May 30: Deploys blocked by billing error

May 30: Deploys blocked by billing error (02:18UTC)

For a few hours, deploys for some organizations were failing with a “We require your billing information” error, despite having just added payment methods or credits to their organizations. This was due to a mis-ordered deployment of a new Corrosion schema.

For some context: organization information is managed by our central GraphQL API backed by a local database in iad; when an organization is updated, for instance when the billing information is updated, the GraphQL API pushes the changes to the global Corrosion cluster so it can be read by the Machines API. When new information needs to be stored in Corrosion, we need to deploy two changes: a global change to the Corrosion (sqlite) schema, and a change to the GraphQL API to push the new data to the global cluster.
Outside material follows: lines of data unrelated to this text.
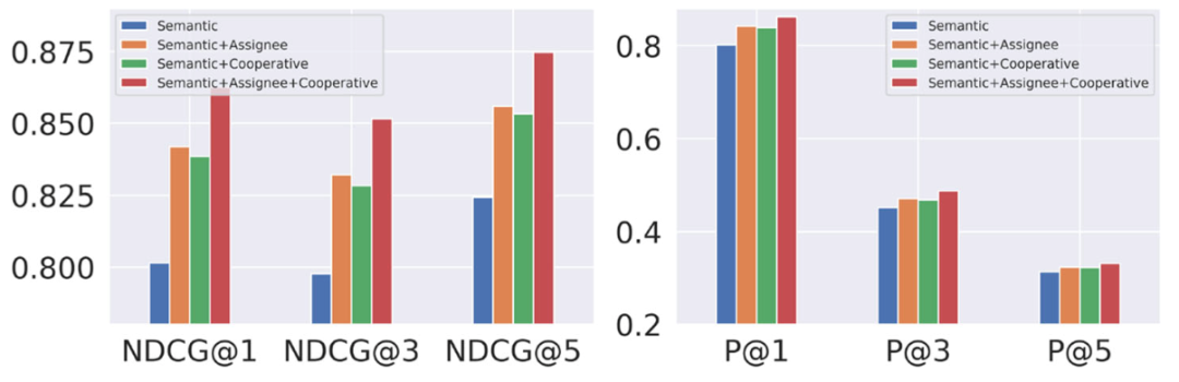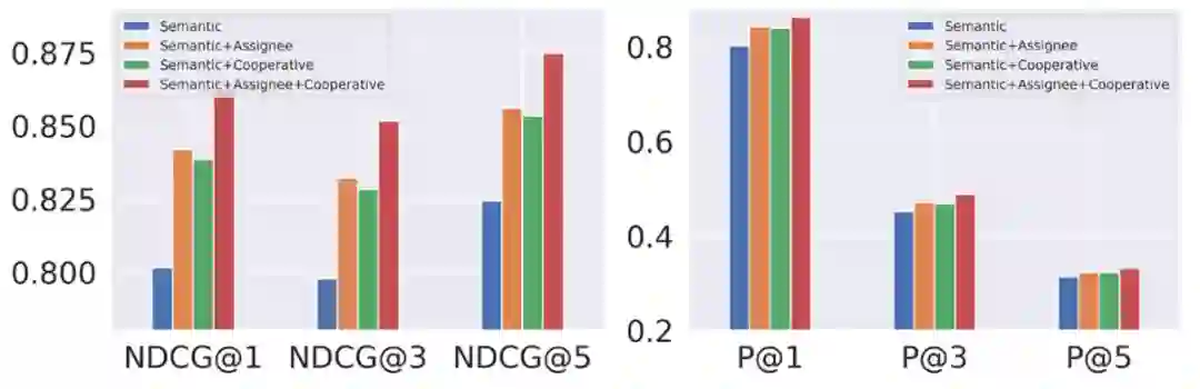 整体而言,实验结果证实了语义信息、受让人和合作信息对于专利分类的价值,并验证了我们所提出的多视图表示学习模块的有效性。
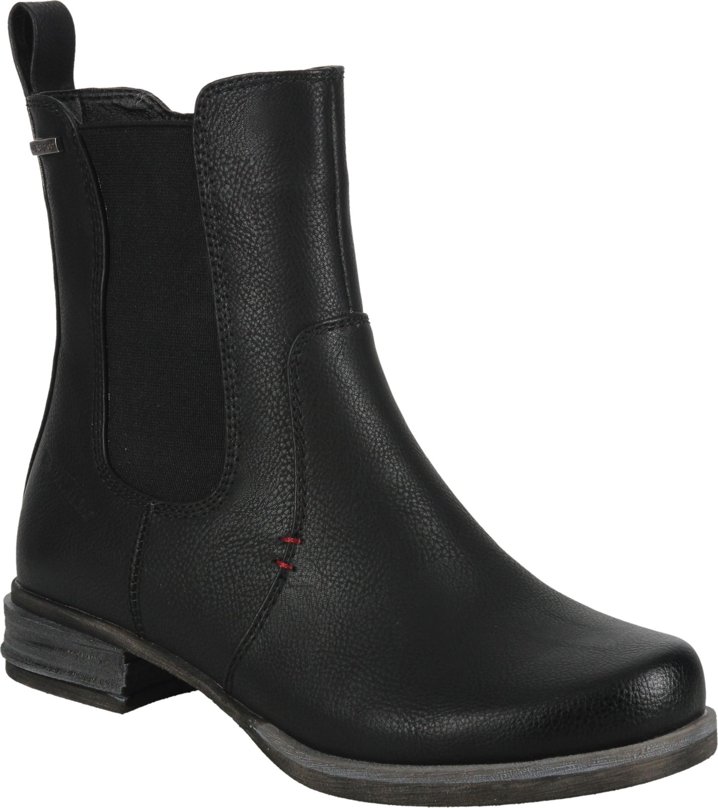 Black ankle-height leather Chelsea boot with elastic side panels and a pull tab.
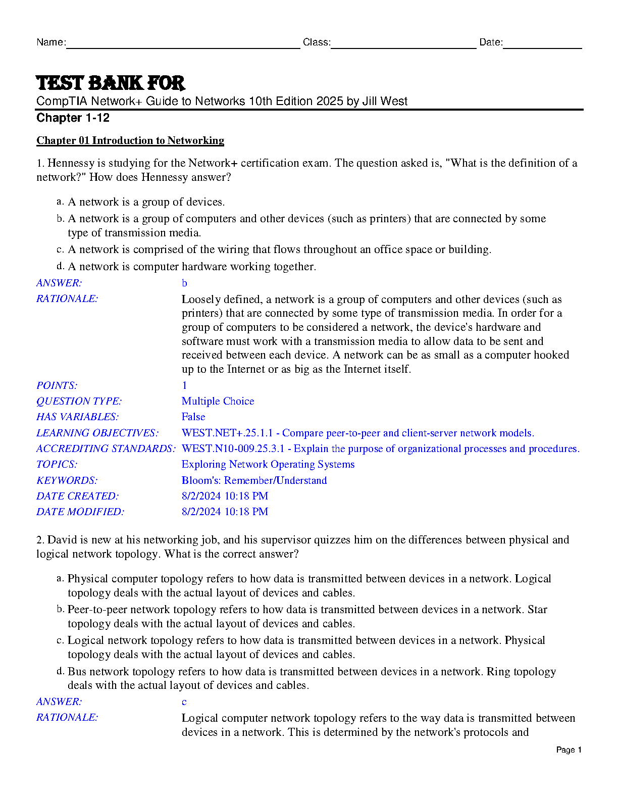 Ace your CompTIA Network+ exam with this comprehensive test bank for the 10th edition (2025) by Jill West. Prepare effectively and avoid resits with this resource designed for first-attempt success.
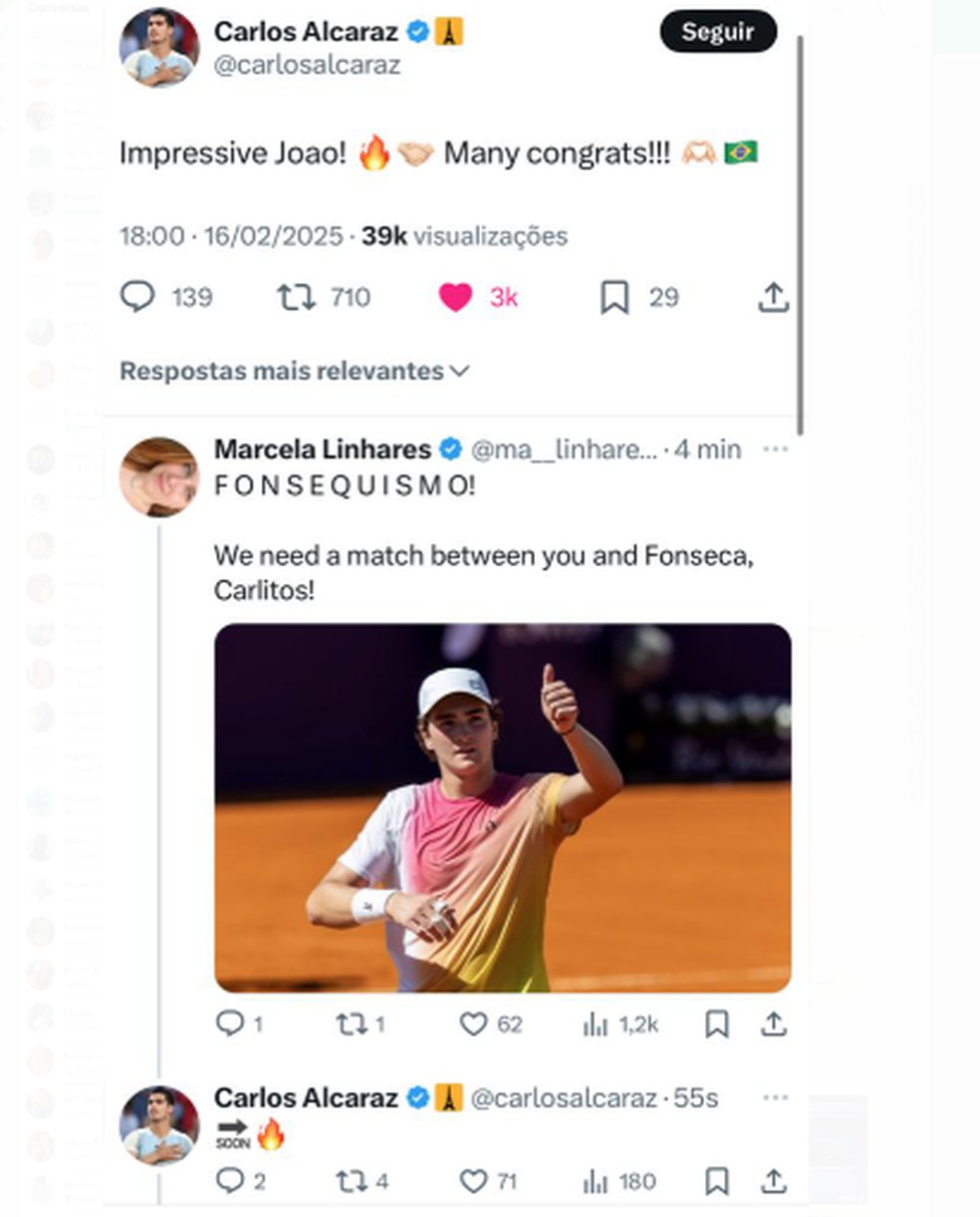 Em resposta,uma internauta brinca que João criou o "Fonsequismo",a torcida pelo tenista,e que todos estão ansiosos por um jogo entre o brasileiro e Alcaraz. O espanhol respondeu que será em breve.

Earlier in the day, we had prepared a change to push some new organization data to Corrosion. This is usually a safe change, however this time the GraphQL API was deployed prior to the global schema being updated. This caused all organization updates to fail to be propagated to Corrosion, thus causing the Machines API to not know about the updated billing status of organizations. To resolve this incident, we quickly reverted the change to the GraphQL API and backfilled the missing data in Corrosion.

We are looking into ways to alert on repeated sync failures, as well as failing GraphQL API deployments if the Corrosion schema is out of date.